* EXERCISE INPUTS
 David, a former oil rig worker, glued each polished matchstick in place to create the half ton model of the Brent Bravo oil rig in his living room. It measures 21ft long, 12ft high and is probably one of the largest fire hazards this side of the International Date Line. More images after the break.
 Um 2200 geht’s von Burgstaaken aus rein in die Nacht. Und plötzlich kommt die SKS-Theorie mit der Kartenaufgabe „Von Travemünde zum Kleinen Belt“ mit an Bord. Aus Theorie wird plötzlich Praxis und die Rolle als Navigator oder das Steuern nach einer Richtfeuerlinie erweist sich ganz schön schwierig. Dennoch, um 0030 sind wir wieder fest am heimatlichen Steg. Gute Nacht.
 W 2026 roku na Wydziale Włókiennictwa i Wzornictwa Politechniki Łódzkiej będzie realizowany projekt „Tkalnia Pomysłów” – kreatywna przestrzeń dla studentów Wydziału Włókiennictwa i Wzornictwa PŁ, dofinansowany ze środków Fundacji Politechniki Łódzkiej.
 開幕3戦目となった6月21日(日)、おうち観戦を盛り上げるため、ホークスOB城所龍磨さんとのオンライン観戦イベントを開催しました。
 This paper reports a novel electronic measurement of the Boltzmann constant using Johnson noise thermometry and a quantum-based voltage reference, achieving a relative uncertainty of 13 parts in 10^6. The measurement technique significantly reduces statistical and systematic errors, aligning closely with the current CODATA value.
--
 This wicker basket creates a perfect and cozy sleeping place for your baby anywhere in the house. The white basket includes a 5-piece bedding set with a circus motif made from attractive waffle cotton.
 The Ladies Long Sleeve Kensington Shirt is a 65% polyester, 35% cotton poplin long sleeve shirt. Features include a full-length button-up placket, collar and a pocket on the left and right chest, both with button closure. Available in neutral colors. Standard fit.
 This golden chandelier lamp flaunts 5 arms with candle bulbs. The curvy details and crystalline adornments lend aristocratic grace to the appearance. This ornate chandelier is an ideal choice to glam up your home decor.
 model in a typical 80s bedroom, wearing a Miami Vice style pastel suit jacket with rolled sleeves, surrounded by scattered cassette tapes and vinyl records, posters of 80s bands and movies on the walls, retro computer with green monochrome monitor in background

* EXERCISE OBJECTIVE
In the listing above, find the line with "This golden chandelier" and the line with "model in a typical"; output exactly those lines and all lines between them.

* TASK RESPONSE
 This golden chandelier lamp flaunts 5 arms with candle bulbs. The curvy details and crystalline adornments lend aristocratic grace to the appearance. This ornate chandelier is an ideal choice to glam up your home decor.
 model in a typical 80s bedroom, wearing a Miami Vice style pastel suit jacket with rolled sleeves, surrounded by scattered cassette tapes and vinyl records, posters of 80s bands and movies on the walls, retro computer with green monochrome monitor in background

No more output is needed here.